Please retype every record exactly as it appears, omitting the pictures.

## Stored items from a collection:
--*--

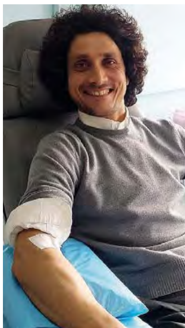
CIVILTÀ Un donatore di sangue

● TRANI. Continua a mietere successo il concorso fotografico dell'Avis targato «selfie» con l'obiettivo è reclutare iscritti soprattutto giovani nell'ambito del magico mondo della donazione di sangue. «Fatti un selfie mentre doni il sangue, e partecipa all'originale concorso che l'Avis Trani ha deciso di dedicare agli iscritti», scrivono i donatori. È possibile partecipare fino al 1 maggio, postando il selfie sulla propria bacheca facebook e taggando la pagina dell'Avis Trani. Vincitore sarà chi pubblicherà la foto che al primo maggio avrà ricevuto il maggior numero di «mi piace». Il premio sarà un week end per due persone.
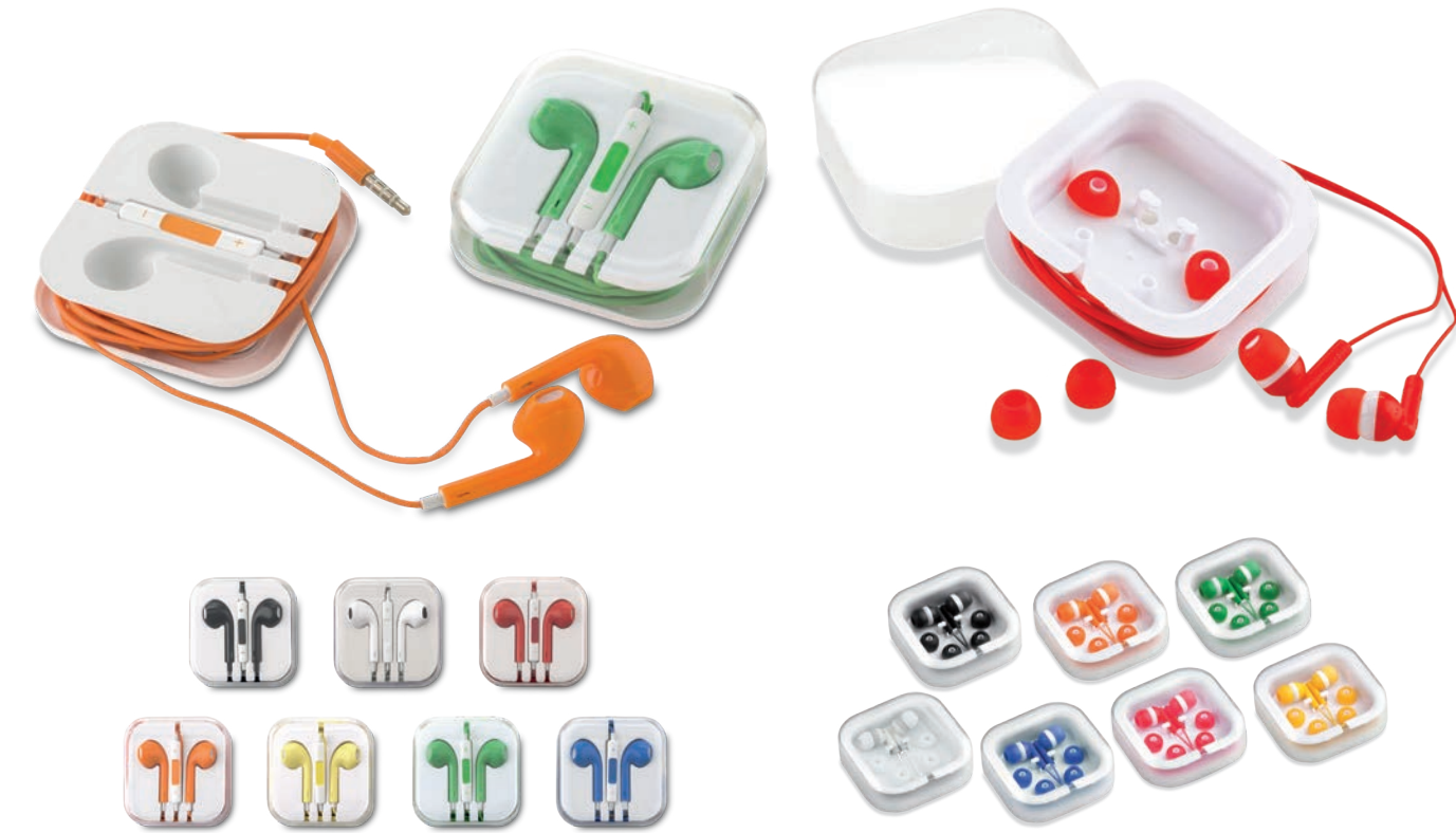
TE-151 / Audífonos Bowie con Manos Libres Audífonos plásticos en estuche con organizador de cable, funciona como manos libres (control de volumen compatible con IOS). Medidas: 6 cm x 6 cm x 2 cm Marca: 3.5 cm / Tampografía
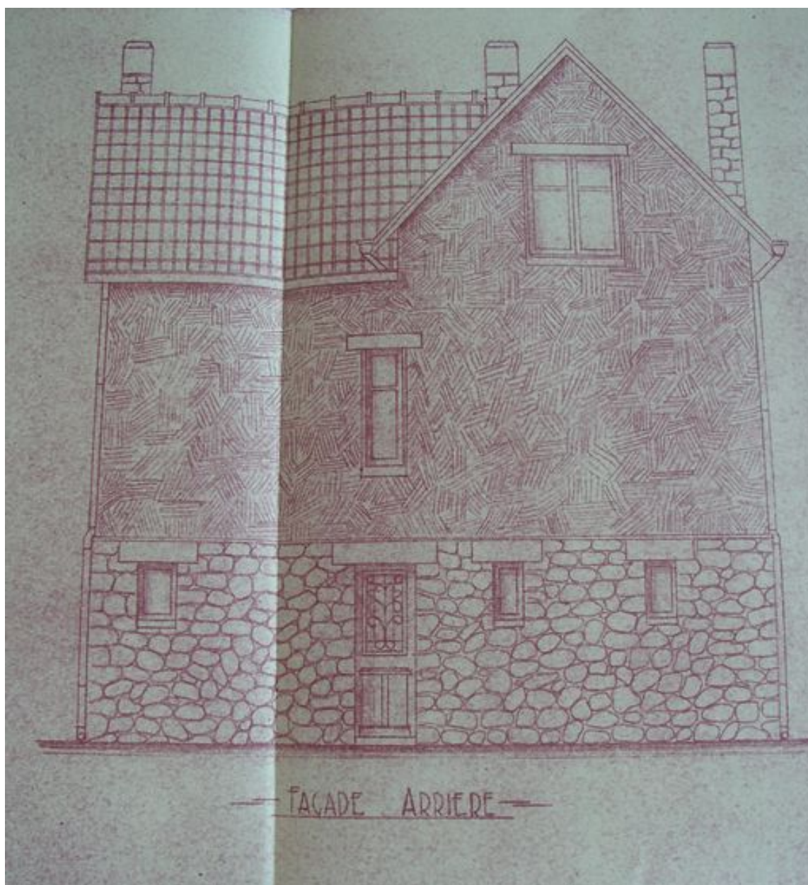
Plan datant du milieu du 20e siècle de la façade arrière de la maison de villégiature Les Glycines
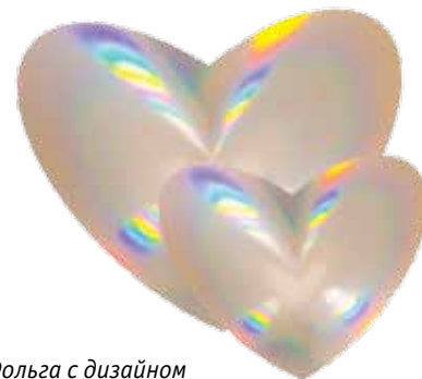
Фольга с дизайном «сердце»

Пространственная глубина линз, эффект преломления света и игра цветов создают неповторимое впечатление. Именно поэтому компания Kurz рекомендует использовать фольгу с эффектом линзы, прежде всего, для оформления упаковки. Созданная фольга с привлекающими внимание эффектами, при продаже продукции без преувеличения является «приманкой для глаз». Новые дизайны придают неповторимость упаковке, вместе с которой значительно увеличивается конкурентное преимущество продукции.
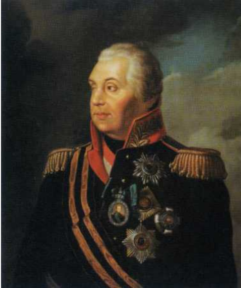
Фото репродукции картины Н. Яш «Портрет М. И. Кутузова». 1883 г.
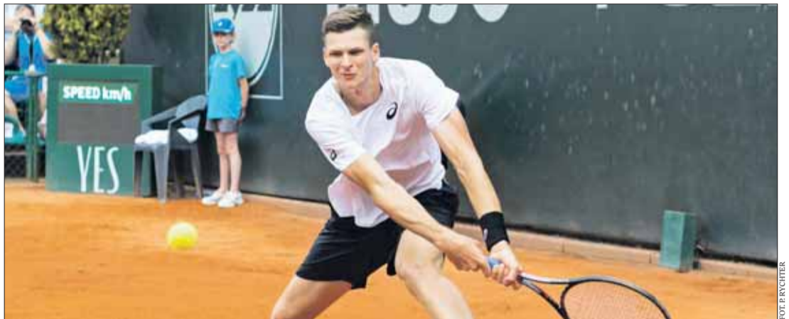
Hubert Hurkacz przed rokiem triumfował w Poznaniu.
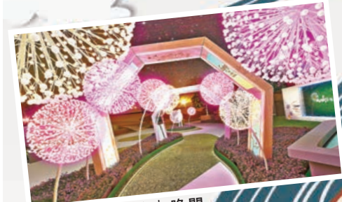
■「蒲公英小路」晚間更亮麗。
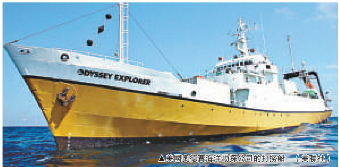
▲美國奧德賽海洋勘探公司的打撈船

【本報訊】綜合媒體佛羅里達州·坦帕二日消息：美國奧德賽海洋勘探公司周一在倫敦宣布，他們在英倫海峽發現一艘沉睡在海底二百六十多年的英國木製戰船「勝利號」，估計船上可能載有價值數億美元的財寶。由於這是屬於英國的戰船遺物，雙方勢釀一場寶藏爭奪戰。
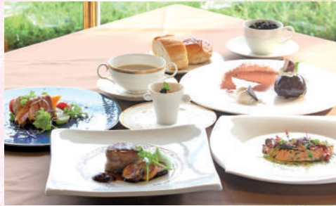
クリスマス特別ディナー(イメージ)
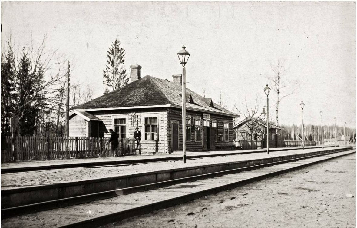
Foto 1. Sangaste raudteejaam 1923. aastal. Fotograaf K. Kalamees. – ERM Fk 461:233.
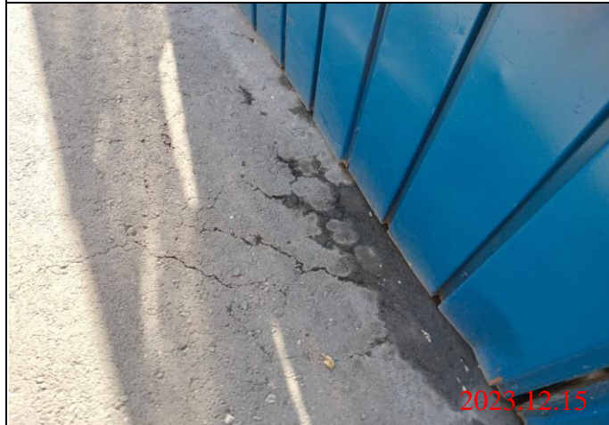
巡查日期地點：112.12.15/ Y23車站 照片說明：路面龜裂狀況
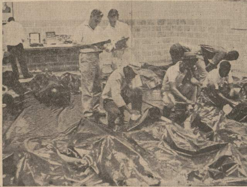
Važiuojant į Belle Glade, Floridoje, autobusui susirūrus su sunkvežimiu, 27 formų darbininkų, sykiu su autobusu įkrito į 25 pėdų gilumo kanalą. Išsigelbėjo tik vienas 12 metų negruikas. Čia matomi atpažinimui išstatyti žuvusiųjų lavonai.

Parkų draugija studijuoja ir kitus dalykus: parkų pagražinimą, takus, fontanus, suolus. Savo studijoj draugija pripažįsta, kad pirmasis uždavinys yra žmonių apsauga parkuose.

--*--

## Written answer:
CIVILTÀ Un donatore di sangue

● TRANI. Continua a mietere successo il concorso fotografico dell'Avis targato «selfie» con l'obiettivo è reclutare iscritti soprattutto giovani nell'ambito del magico mondo della donazione di sangue. «Fatti un selfie mentre doni il sangue, e partecipa all'originale concorso che l'Avis Trani ha deciso di dedicare agli iscritti», scrivono i donatori. È possibile partecipare fino al 1 maggio, postando il selfie sulla propria bacheca facebook e taggando la pagina dell'Avis Trani. Vincitore sarà chi pubblicherà la foto che al primo maggio avrà ricevuto il maggior numero di «mi piace». Il premio sarà un week end per due persone.
TE-151 / Audífonos Bowie con Manos Libres Audífonos plásticos en estuche con organizador de cable, funciona como manos libres (control de volumen compatible con IOS). Medidas: 6 cm x 6 cm x 2 cm Marca: 3.5 cm / Tampografía
Plan datant du milieu du 20e siècle de la façade arrière de la maison de villégiature Les Glycines
Фольга с дизайном «сердце»

Пространственная глубина линз, эффект преломления света и игра цветов создают неповторимое впечатление. Именно поэтому компания Kurz рекомендует использовать фольгу с эффектом линзы, прежде всего, для оформления упаковки. Созданная фольга с привлекающими внимание эффектами, при продаже продукции без преувеличения является «приманкой для глаз». Новые дизайны придают неповторимость упаковке, вместе с которой значительно увеличивается конкурентное преимущество продукции.
Фото репродукции картины Н. Яш «Портрет М. И. Кутузова». 1883 г.
Hubert Hurkacz przed rokiem triumfował w Poznaniu.
■「蒲公英小路」晚間更亮麗。
▲美國奧德賽海洋勘探公司的打撈船

【本報訊】綜合媒體佛羅里達州·坦帕二日消息：美國奧德賽海洋勘探公司周一在倫敦宣布，他們在英倫海峽發現一艘沉睡在海底二百六十多年的英國木製戰船「勝利號」，估計船上可能載有價值數億美元的財寶。由於這是屬於英國的戰船遺物，雙方勢釀一場寶藏爭奪戰。
クリスマス特別ディナー(イメージ)
Foto 1. Sangaste raudteejaam 1923. aastal. Fotograaf K. Kalamees. – ERM Fk 461:233.
巡查日期地點：112.12.15/ Y23車站 照片說明：路面龜裂狀況
Važiuojant į Belle Glade, Floridoje, autobusui susirūrus su sunkvežimiu, 27 formų darbininkų, sykiu su autobusu įkrito į 25 pėdų gilumo kanalą. Išsigelbėjo tik vienas 12 metų negruikas. Čia matomi atpažinimui išstatyti žuvusiųjų lavonai.

Parkų draugija studijuoja ir kitus dalykus: parkų pagražinimą, takus, fontanus, suolus. Savo studijoj draugija pripažįsta, kad pirmasis uždavinys yra žmonių apsauga parkuose.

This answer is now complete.